*** Opening of DATA EXTRACT ***
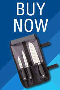 The Mercer knife starter set includes a 7" Santoku knife, 5" utility knife, and 3-1/2" paring knife, along with a heavy-duty storage roll.
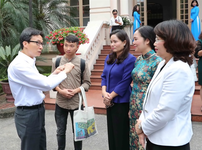 Phó Thủ tướng Vũ Đức Đam và Thứ trưởng Trịnh Thị Thủy trao đổi với các đại biểu
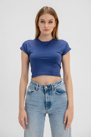 Cotton Cropped Round Neck Top Cap Sleeve - Navy
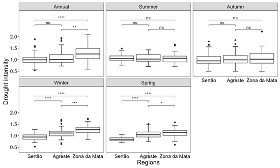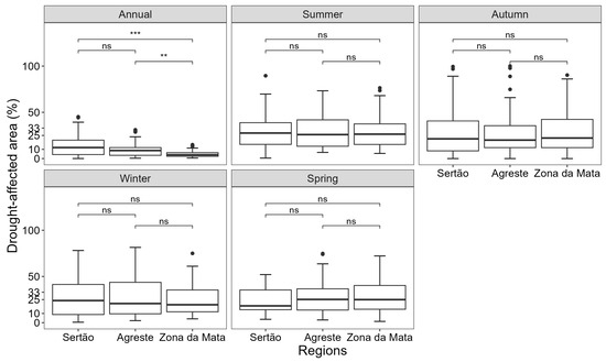 Drought-affected area (%) boxplots for each region (Sertão, Agreste, and Zona da Mata) for annual and seasonal scales. The symbols “**” () and “***” () indicate that there is a significant difference based on the Wilcoxon–Mann–Whitney test [91]. “ns”—non-significant.
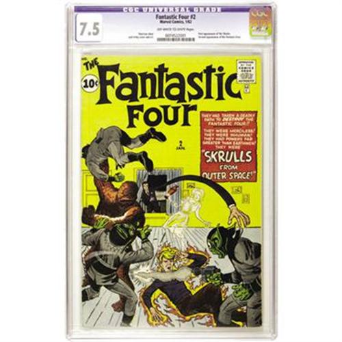 We see this issue less often than #1 -- it's the second appearance of the FF and the first appearance of the Skrulls. Jack Kirby provided the cover and story art. Overstreet 2006 VF 8.0 value = $3,065. CGC census 9/06: 8 in 7.5, 36 higher.<BR><BR><b>Shipping:</b> Slabbed Comic (<a target="_blank" href="http://www.heritageauctions.com/common/shipping.php">view shipping information</a>)
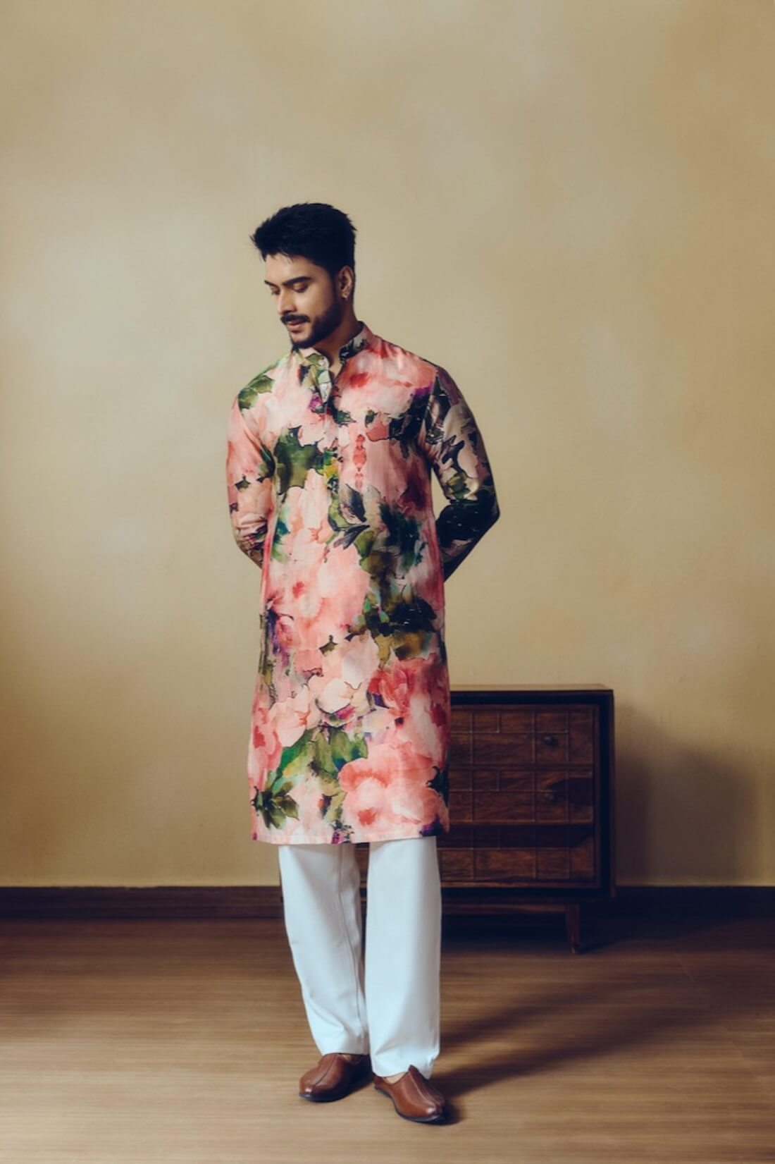 3. Abstract Print Ruby Kurta in Blossom Pink – Studio 113
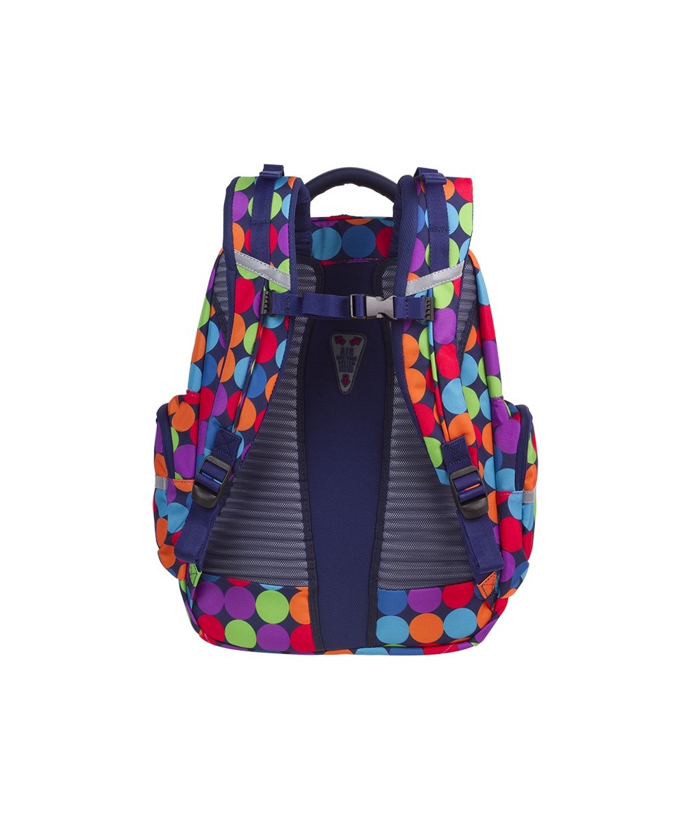 Ten plecak to jak eksplozja kolorowych baniek — wzór „Bubble Illusion” przypomina wirujące kulki w odcieniach tęczy, które zabierają nas w podróż wyobraźni już od pierwszego spojrzenia.
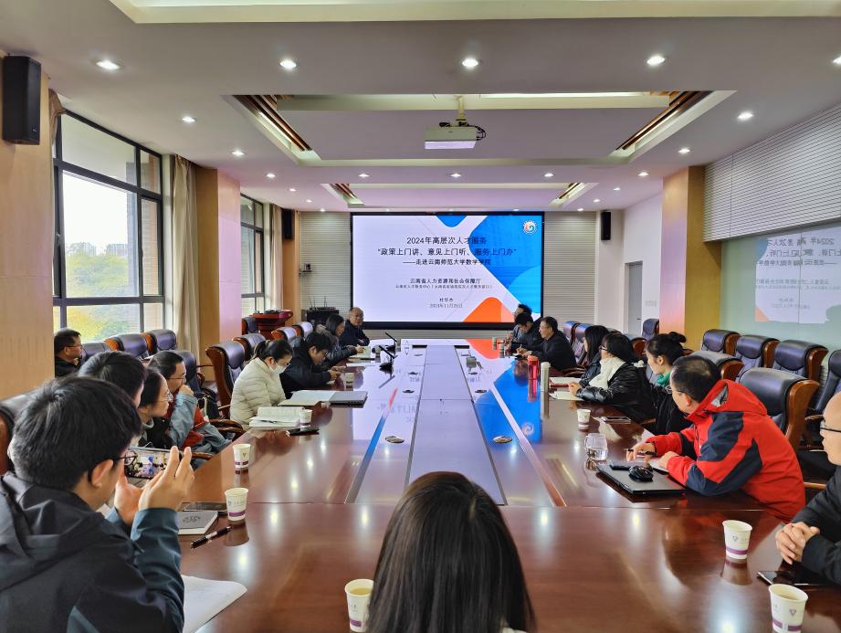 11月28日,云南省人力资源和社会保障厅人才服务中心主任杜华杰到美加墨世界杯官方网站开展2024年高层次人才政策宣讲工作,美加墨世界杯官方网站经理刘祥清出席,学院30余名青年教师代表参会,副经理王天志主持会议。
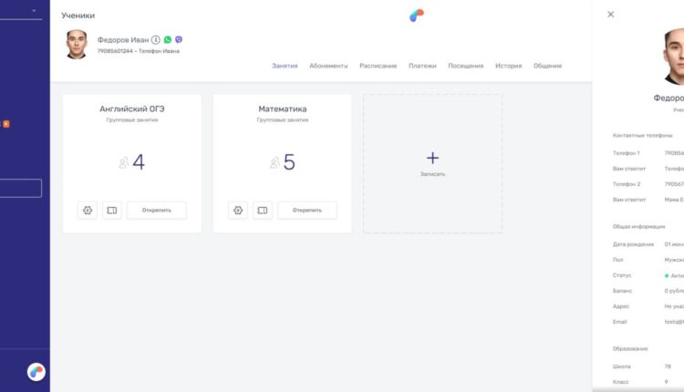 Профиль ученика в Параплан CRM.
*** Close of DATA EXTRACT ***
## DESCRIPTION OF THE TASK
Leave out all pictures and retype precisely the lines that run from the line containing "11月28日,云南省人力资源" to the last line of the records.

## EXERCISE RESPONSE
 11月28日,云南省人力资源和社会保障厅人才服务中心主任杜华杰到美加墨世界杯官方网站开展2024年高层次人才政策宣讲工作,美加墨世界杯官方网站经理刘祥清出席,学院30余名青年教师代表参会,副经理王天志主持会议。
 Профиль ученика в Параплан CRM.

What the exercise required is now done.